Pierwszy wiosenny weekend w Szczecinie [GALERIA]

Data publikacji: 23 marca 2025 r. 15:08
Ostatnia aktualizacja: 23 marca 2025 r. 16:24
Pierwszy wiosenny weekend w Szczecinie
W pierwszy weekend wiosny szczecinianie wyszli na ulice, aby skorzystać z dobrej pogody. Fot. Agata Jankowska  

Pierwsze dni kalendarzowej wiosny przyniosły słoneczną i ciepłą pogodę zachęcającą do wspólnego spędzania czasu na świeżym powietrzu. W sobotę i niedzielę szczecinianie opanowali najpopularniejsze miejsca rekreacji: parki, lasy, place zabaw, siłownie pod chmurką i wiele innych.

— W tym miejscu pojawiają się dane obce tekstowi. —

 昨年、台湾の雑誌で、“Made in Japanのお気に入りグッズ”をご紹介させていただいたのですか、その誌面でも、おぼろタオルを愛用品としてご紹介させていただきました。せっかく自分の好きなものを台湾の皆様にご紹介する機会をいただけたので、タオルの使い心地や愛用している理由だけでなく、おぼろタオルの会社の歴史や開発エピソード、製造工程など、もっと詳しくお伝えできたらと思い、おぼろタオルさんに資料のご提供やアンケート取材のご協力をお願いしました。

Dwie starsze panie siedzą na ławce w parku im. Stefana Żeromskiego. Wokół spacerowicze, ludzie z psami, młodzież ćwicząca na siłowni.

- Wybieramy się nad morze do Międzyzdrojów i Świnoujścia - zdradzają kobiety zapytane o plany na pierwszy wiosenny weekend. - Niedawno stamtąd wróciłyśmy, ale zaraz jedziemy ponownie. Bardzo lubimy spacery po plaży, a także wypić kawę w kawiarni, posiedzieć, pogadać.

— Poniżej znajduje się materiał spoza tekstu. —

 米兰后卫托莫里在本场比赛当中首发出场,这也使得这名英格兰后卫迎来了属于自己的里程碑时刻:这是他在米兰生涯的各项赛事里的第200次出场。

- Odpoczywamy, jak widać. Cieszymy się, że wreszcie przyszła wiosna, możemy w końcu usiąść sobie w parku - mówi mężczyzna spotkany w parku Żeromskiego. - To nasze ulubione miejsce, mieszkamy blisko i kiedy tylko możemy, przychodzimy tutaj i na Wały Chrobrego.

Grupa ludzi z dziećmi przyjechała do Szczecina specjalnie na weekend.

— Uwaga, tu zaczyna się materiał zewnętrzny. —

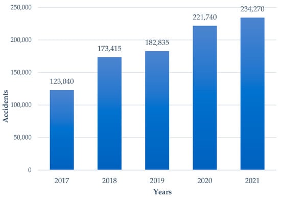 Figure 1. The data show an increase of 5.65% from the previous year, which had 221,740 cases. If we look at the trend, the number of workplace accident cases in Indonesia has continued to grow over the past five years. In 2017, the number of work accidents recorded was 123,040 cases. This number increased by 40.94% to 173,415 cases in 2018. The following year, work accidents rose again by 5.43% to 182,835 cases. Workplace accidents in the country increased by 21.28% to 221,740 cases in 2020. The number also increased again last year. According to BPJS, most of those accidents occurred in the workplace. They most often occur in the morning from 6:00 a.m. to 12:00 p.m.

- Jesteśmy z Kostrzyna. Jest super pogoda, tylko trochę wieje - opowiadają.

Jasne Błonia przeżywają oblężenie. Jakaś grupa znajomych robi sobie piknik, przy mobilnych kawiarniach kolejki po rzemieślniczą kawę i ciastka, dwóch piłkarzy trenuje wykonując imponujące ćwiczenia z piłką nożną, inni fotografują się przy krokusach. Dwa francuskie buldożki gonią napędzany zdalnie samochodzik. Wcześniej z niecierpliwością wyczekiwały, aż ich pan go uruchomi. Kilkunastoletnia dziewczynka gra na skrzypcach, a przechodnie wrzucają od czasu do czasu drobne pieniądze do futerału. W pobliskich budkach z lodami też kolejki. Ponad głowami unoszą się bańki mydlane puszczane przez dzieci, nad głowami powiewają balony z helem. Panuje atmosfera festynu i zabawy.

Na skwerze przy Teatrze Lalek Pleciuga pewien człowiek wyprowadza psa o imieniu Pfeizer.

- Ma pandemiczne imię. Z kolei kota nazwałem Covid. Pandemiczne zwierzęta - śmieje się mężczyzna. - Psa mamy od znajomych, ale koty ktoś porzucił. Są kochane, widać w ich oczach wdzięczność i miłość.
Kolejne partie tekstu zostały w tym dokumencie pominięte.